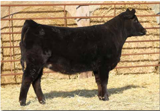
LSS CAMILLE 171J Sells as Lot 73.

Style! Feminine! Muscle! Very good cow family! Longevity!
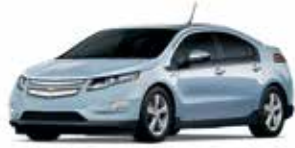
SILVER TOPAZ METALLIC
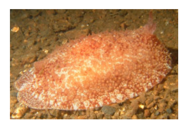
Pleurobranchus membranaceus the Highland Dancer on Transect 1

This transect ran northwards from the end of Transect 3 towards the outlet from the Dubh Loch, covering approximately 150 metres. Fifty six Pachycerianthus were counted during a 26 minute dive between 15 and 20 metres. Towards the end of this transect a number of Nephrops burrows were seen with a couple of quite large individuals moving about.
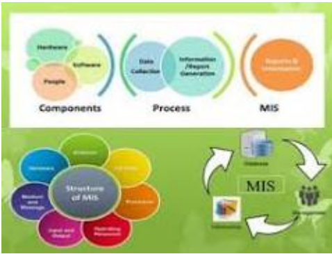
Figure Contemporary Management Practices | PPT
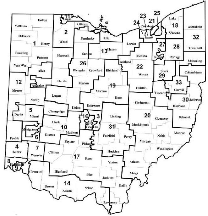
MAP 2: Ohio Senate Districts
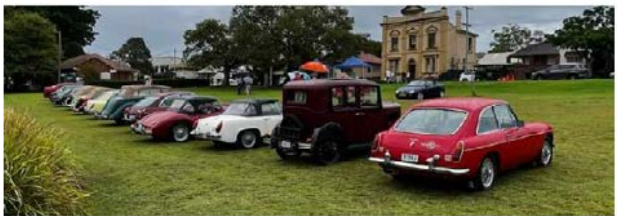
PREVIOUS CONCOURS WINNERS
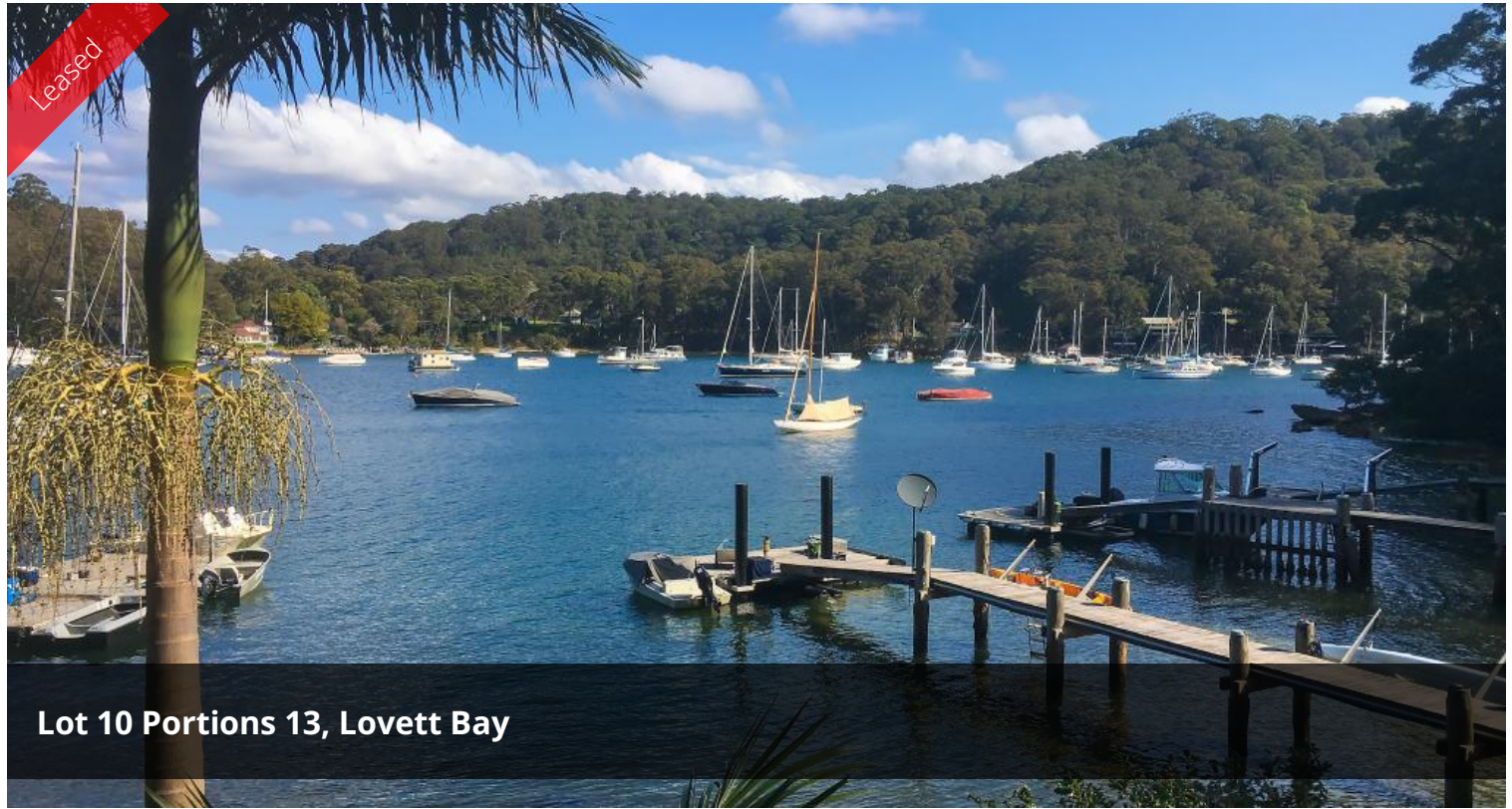
Lot 10 Portions 13, Lovett Bay

- - - -

Scan the entries for lines holding the string "Transect", then copy every one of them.

◆ FINISHED EXERCISE ◆
Pleurobranchus membranaceus the Highland Dancer on Transect 1
This transect ran northwards from the end of Transect 3 towards the outlet from the Dubh Loch, covering approximately 150 metres. Fifty six Pachycerianthus were counted during a 26 minute dive between 15 and 20 metres. Towards the end of this transect a number of Nephrops burrows were seen with a couple of quite large individuals moving about.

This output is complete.